* **TASK REQUIREMENTS**
When you write out the listing, keep every word as it stands and drop the pictures.

* **GIVEN INFORMATION**

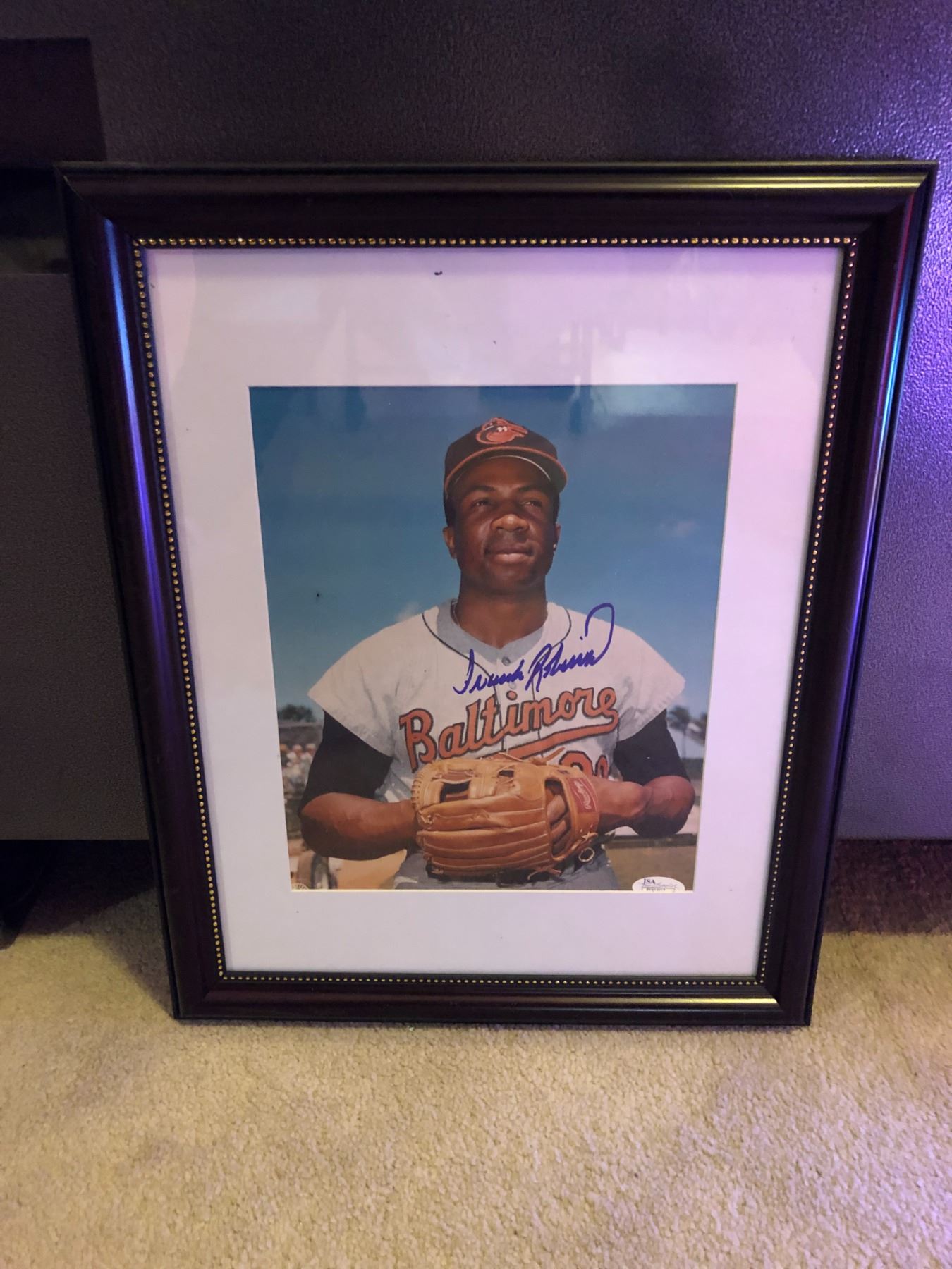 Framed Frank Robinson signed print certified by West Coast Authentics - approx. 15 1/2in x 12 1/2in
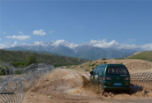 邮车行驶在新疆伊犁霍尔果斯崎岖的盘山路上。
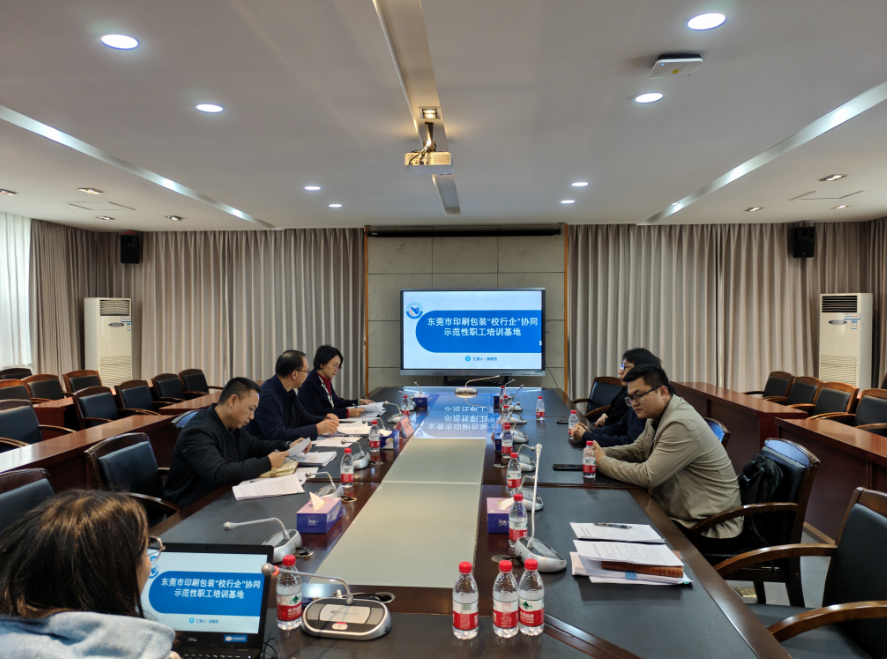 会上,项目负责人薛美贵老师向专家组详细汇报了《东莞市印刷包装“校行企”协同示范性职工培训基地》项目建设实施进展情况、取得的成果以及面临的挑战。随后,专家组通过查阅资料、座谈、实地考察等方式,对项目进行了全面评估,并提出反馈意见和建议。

* **TASK RESULT**
 Framed Frank Robinson signed print certified by West Coast Authentics - approx. 15 1/2in x 12 1/2in
 邮车行驶在新疆伊犁霍尔果斯崎岖的盘山路上。
 会上,项目负责人薛美贵老师向专家组详细汇报了《东莞市印刷包装“校行企”协同示范性职工培训基地》项目建设实施进展情况、取得的成果以及面临的挑战。随后,专家组通过查阅资料、座谈、实地考察等方式,对项目进行了全面评估,并提出反馈意见和建议。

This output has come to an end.